Я указал на два тонких деревца, которые росли чуть поодаль, причудливо переплетаясь стволами.
– Ага.
– Местные считают, что в них живут души Томаса и королевы фей. Этакий символ их вечной любви.
Я подступил к камню, провел по его поверхности рукой.
«Холодный. Неудивительно – ветер тут жуткий…»
– Слушай, а когда Лермонтов лишился девственности? – вдруг спросил Чиж.
Вопрос оказался настолько неожиданным, что я на несколько мгновений завис, после чего, все-таки собравшись с мыслями, спросил:
– Это тебе квартал красных фонарей вспомнился, что ли?
– Да нет, просто… ну, ты сказал, что Томас-Рифмач ушел к фее, вот я и задумался – а у Лермонтова была его первая фея?

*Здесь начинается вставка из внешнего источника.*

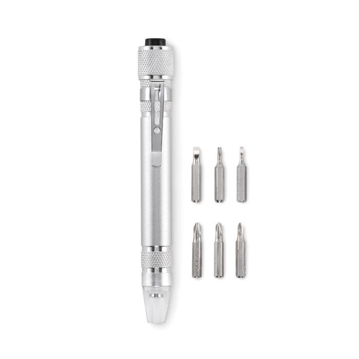 Elevate your brand with the TUBULAR recycled multi tool pen, a sustainable promotional giveaway crafted from recycled aluminium. This innovative pen-shaped multi-tool combines everyday utility with powerful branding potential, featuring an integrated LED torch and interchangeable screwdriver heads—3 slotted and 3 Phillips—for on-the-go fixes.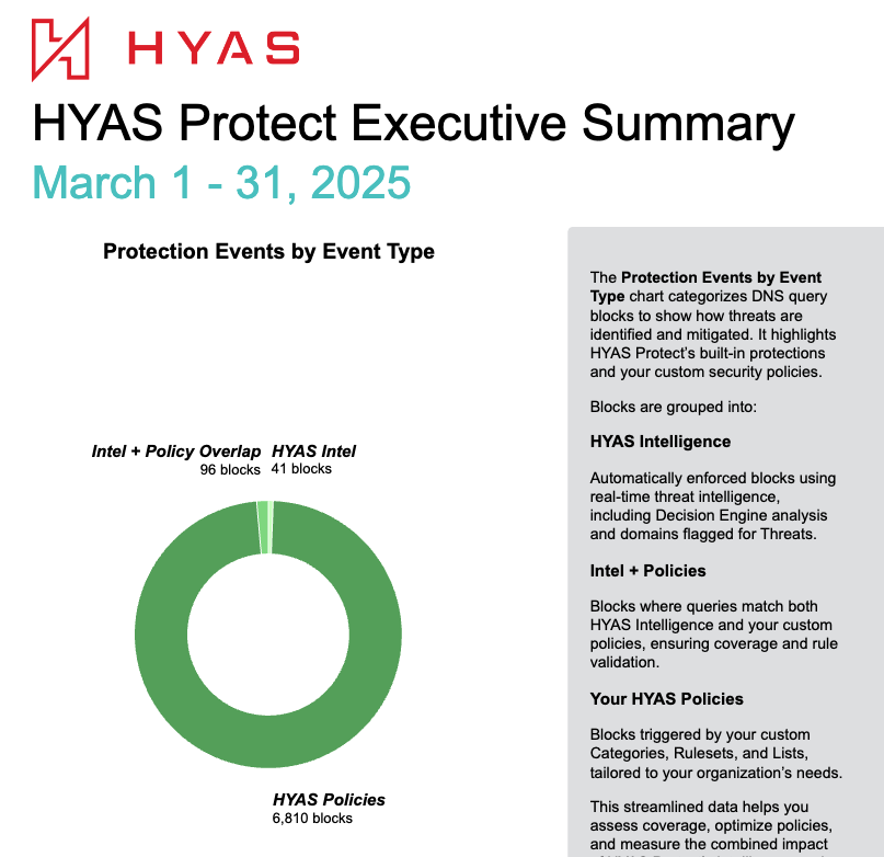 The HYAS Protect Executive Summary, generated monthly, delivers clear, actionable insights on critical security metrics, helping decision-makers focus on areas like riskiest users, blocked domains, and DNS activity. By highlighting key trends and vulnerabilities, it empowers organizations to enhance their security posture effectively. The intuitive format ensures security leaders have the information they need to make informed decisions.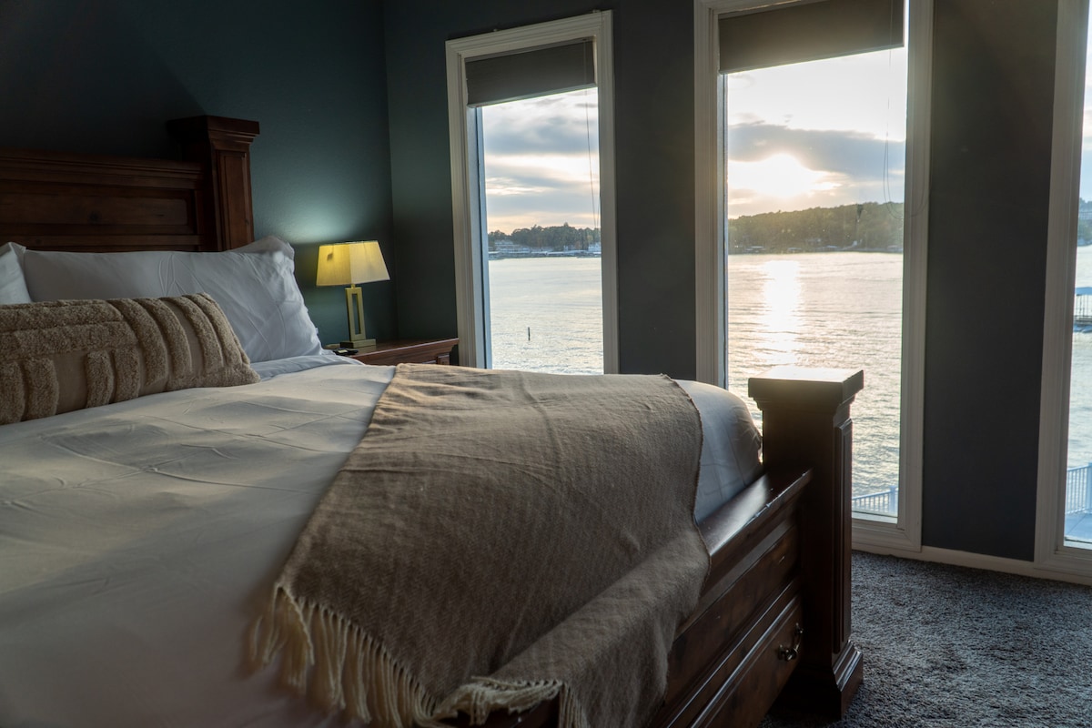Superbe appartement d'une chambre avec lit king size situé à Osage Beach. Vue imprenable ! Couvert, terrasse abritée donnant sur le lac. Salle de bain SPA rénovée avec marbre italien. Parquet en bois dur partout. Emplacement de la crique/repère 21 miles. Les équipements comprennent une cale de mise à l'eau pour la location de bateau, la pêche, une cheminée et une piscine ! Beaucoup de bons restaurants, de superbes magasins et des activités amusantes à faire par terre/eau. Profitez toute l'année avec un chauffage de patio et un foyer électrique ! Disponible pour un bail à court/long terme, également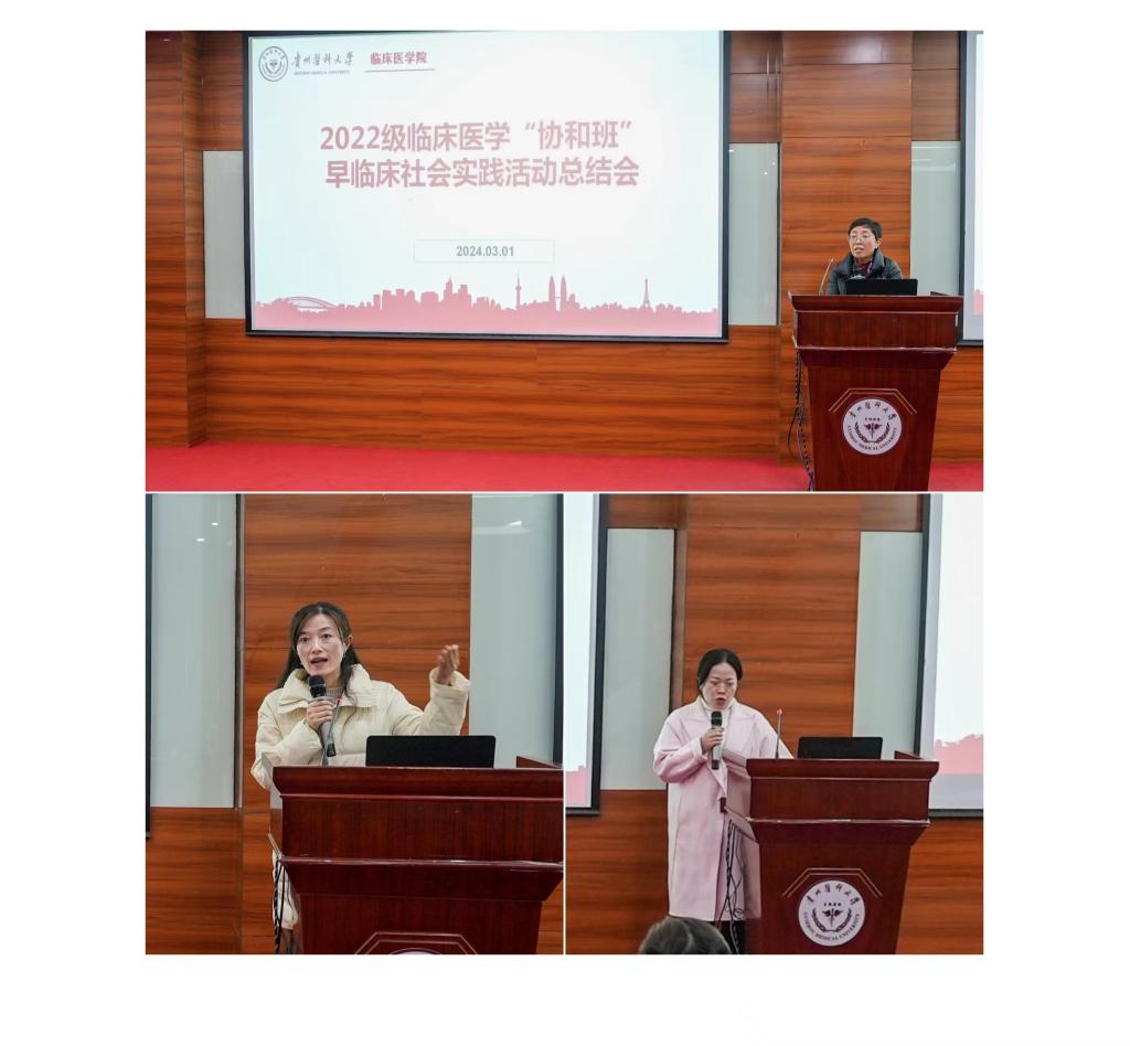 会上,同学们分成四组以PPT形式对早临床社会实践活动进行交流汇报。同学们表示,参加本次早临床实践受益匪浅。整个过程严谨、充实,充分展现了2022级“协和班”团结友爱、乐学善思、感恩奋进的精神风貌,得到与会领导和各位老师的高度肯定。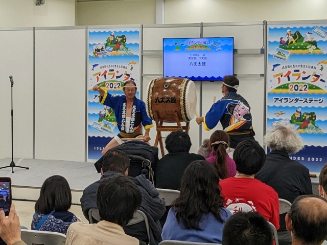 また、会場にはステージも設置されており、太鼓、歌、踊りなどの伝統芸能が披露されます。私が訪問した際は八丈島から来た八丈太鼓の迫力ある演奏が会場を包み込んでいました。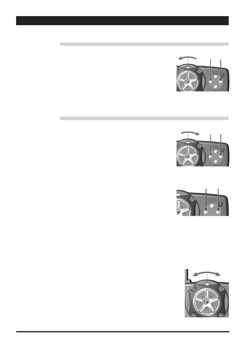 ★エンドポイントを上げる:ステアリングを左に目一杯切った状態で "ST/L+" ボタンを押します。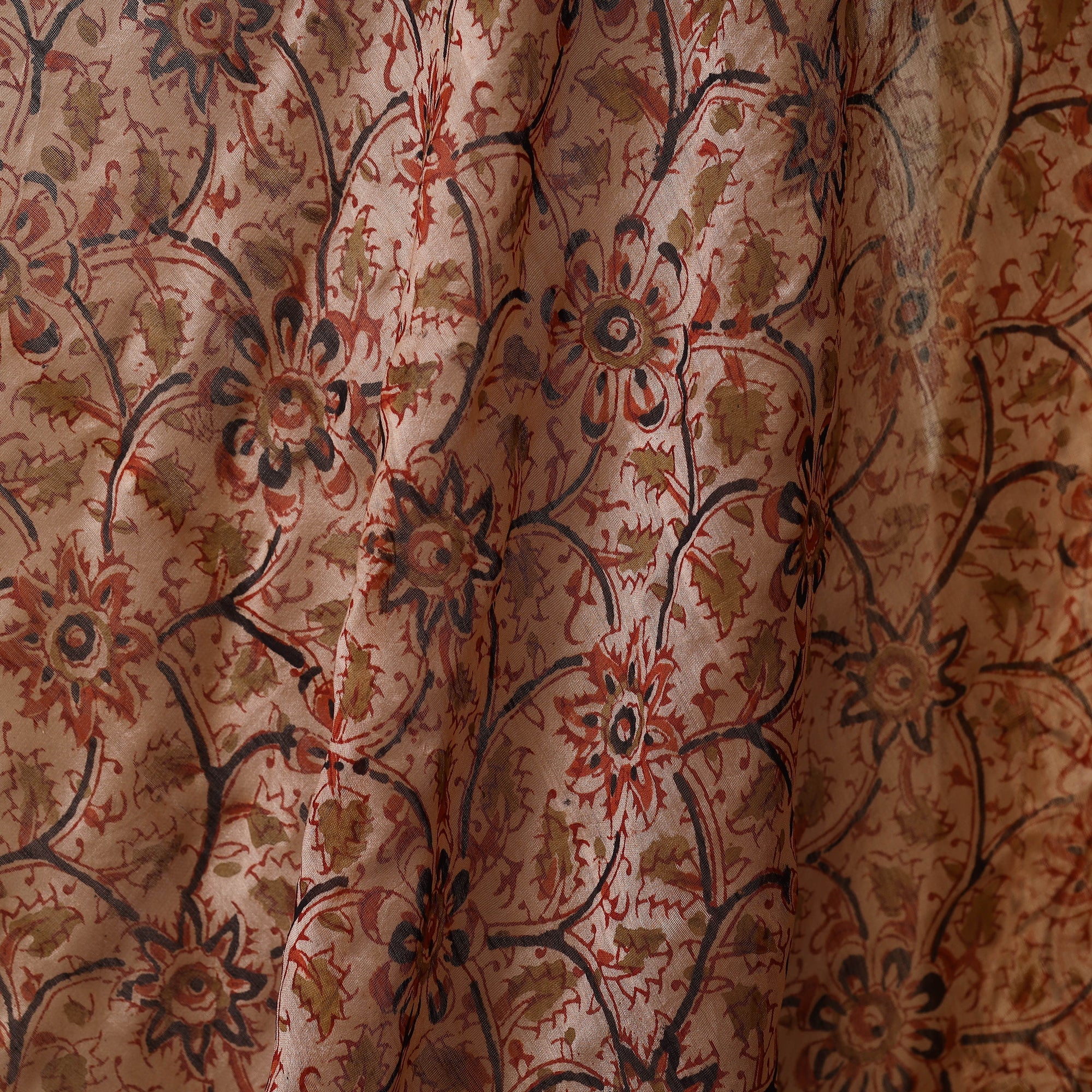 Beige - Natural Dyed Block Print Handloom Chanderi Silk Pedana Kalamkari Fabric 14

Я крепко задумался, после чего сказал:
– Ты знаешь, я в тупике. Вроде бы он с девяти лет влюблялся то в одну, то в другую… но этикет его современников не позволял судачить об интимной жизни. Наверное, как было принято тогда у дворян, какая-нибудь опытная крепостная объясняла 14-летнему Мише основы… сексологии.
– То есть никакой романтики? – немного разочарованно протянул Чиж.
– Как знать… – пробормотал я и по памяти прочел отрывок из «1831 июня 11 дня»:
Не верят в мире многие любви
И тем счастливы; для иных она
Желанье, порожденное в крови,
Расстройство мозга иль виденье сна.
Я не могу любовь определить,
Но это страсть сильнейшая! – любить
Необходимость мне; и я любил
Всем напряжением душевных сил…
Дорога на Эйлдонские холмы тоже потребовала от меня некоего «напряжения душевных сил». По счастью, мне удалось довольно быстро адаптироваться и к правостороннему движению, и к поломке моего мотоцикла. Правда, для минимизации вреда шестеренкам и стартеру, мне приходилось делать массу лишних утомительных движений, но шедевральные пейзажи Шотландии отвлекали меня от любых дурных мыслей. Наши с Чижом байки катились по темному полотну дороги. С обеих сторон простиралось зеленое травяное море, а деревья вдали от трассы напоминали причудливых рыб, вынырнувших на поверхность, только чтобы продемонстрировать великолепие листвы, заменяющей им чешую.
Эти семьдесят километров, от порта до холмов, я про себя окрестил «дорогой противоречий». Даже неудобства, связанные с поломкой байка, казались чем-то вполне естественным – что-то из разряда «другая страна – другие правила игры». В этом, по ощущениям, тоже присутствовали определенные шарм и красота.
– Так а откуда вообще пошли все эти легенды? – спросил Чиж, отвлекая меня от мыслей. – Ну, про Томаса и королеву фей, про волшебную страну…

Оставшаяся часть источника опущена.